There are a couple of sites I have linked to which can be helpful: Psalter.org and the RPCA Psalm page.

Also, this list may be of use. The Trinity Psalter would be a good resource to consult too since it is designed for people switching over from hymns to psalms. What psalter are you planning to give to your friends?


----------



## Augusta (Nov 9, 2007)

It is interesting isn't it.  I thought it was kinda fun searching out popular tune in cm. Now when I hear and oldie I will count the meter to see if they work. I tried House fo the Rising Sun today and it works pretty well with a good lament. I also like the Alpha Phi Omega tune.

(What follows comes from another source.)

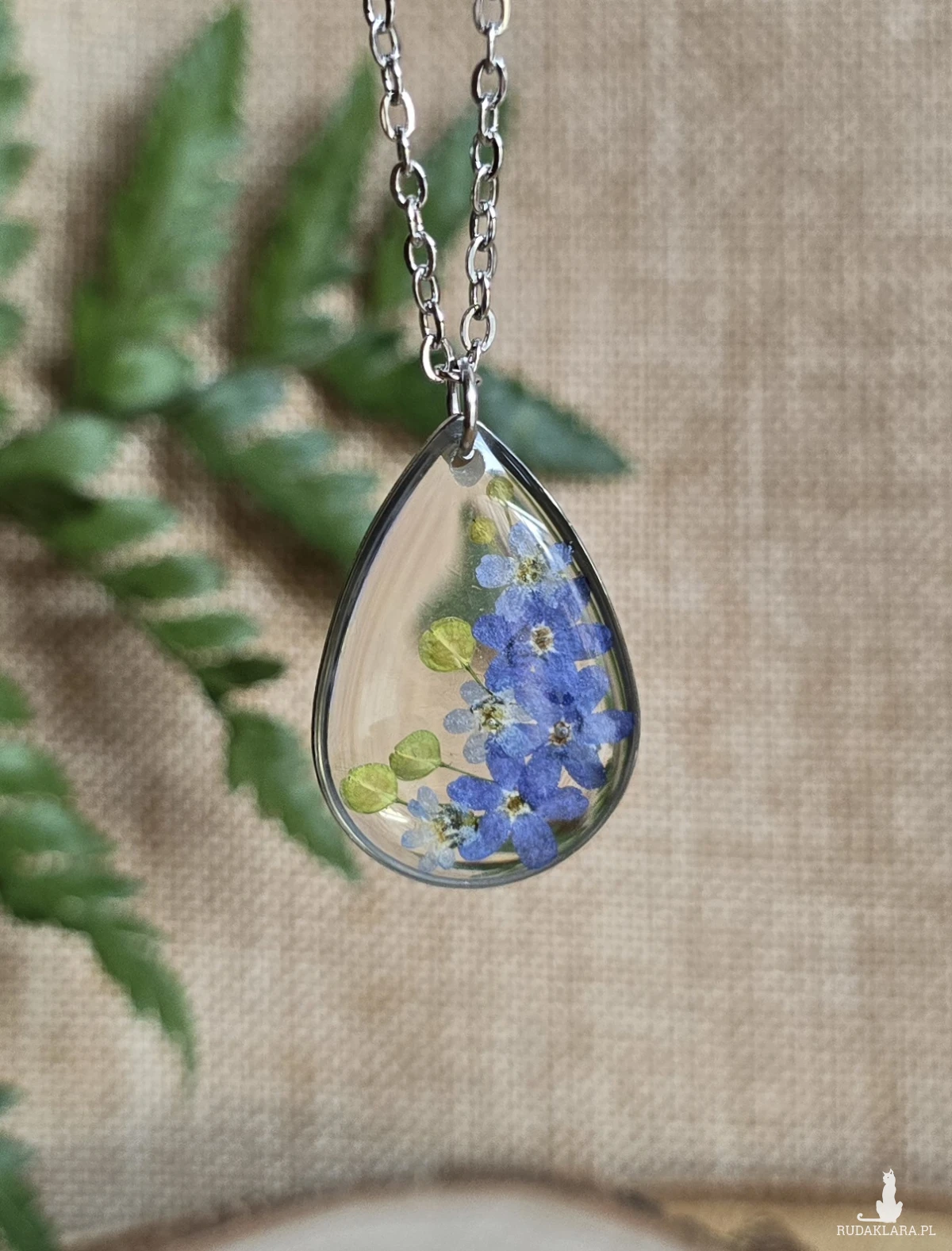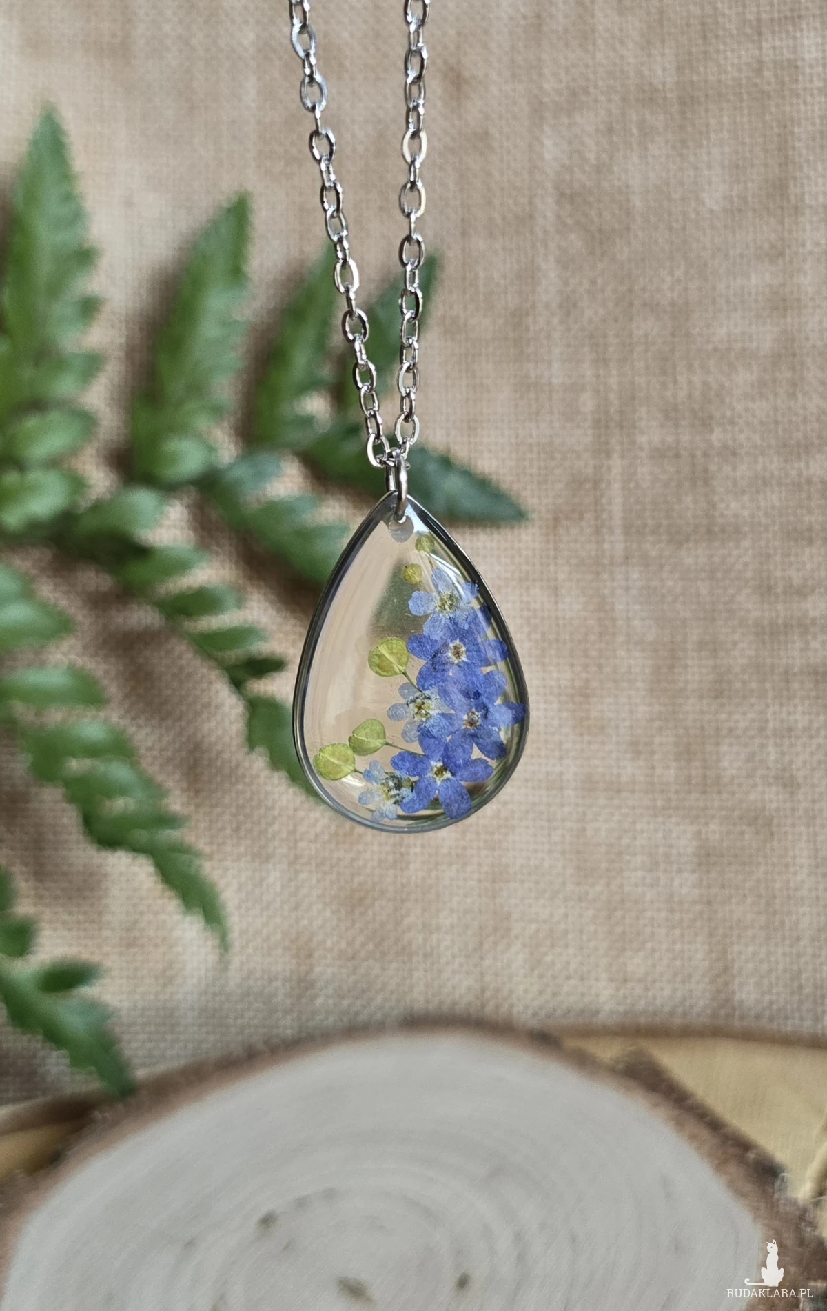 Oferuję Państwu unikalną biżuterię. Zawieszka jest wykonana z suszonych kwiatów i żywicy epoksydowej. Biżuteria jest wspaniałym i oryginalnym prezentem na lata.

We are giving them 1650 Scottish psalters, the pocket ones. They don't have any tune recommendations or indexes. The recipients are people who have no experience with the psalter so we want it to be easy for them to sing them to well-known tunes.


----------



## VirginiaHuguenot (Nov 10, 2007)

Traci -- Do you have an edition of the 1650 Scottish Metrical Psalter with an index of tunes? I have the 1979 Reformed Presbyterian Church of Ireland edition which has an alphabetical tune index (as well as a metrical tune index, 'classifed' [by type of psalm] tune index, and recommended tune index; and the 1992 _Scottish Psalmody_ edition by the Free Church of Scotland, which has a metrical index of tunes. If any of those resources would be of interest to you, feel free to send me a pm.


----------



## Augusta (Nov 10, 2007)

Oh yes, I have tunes galore. I was just looking for popular tunes that non churched people could remember and sing common meter psalms to. Thanks.


----------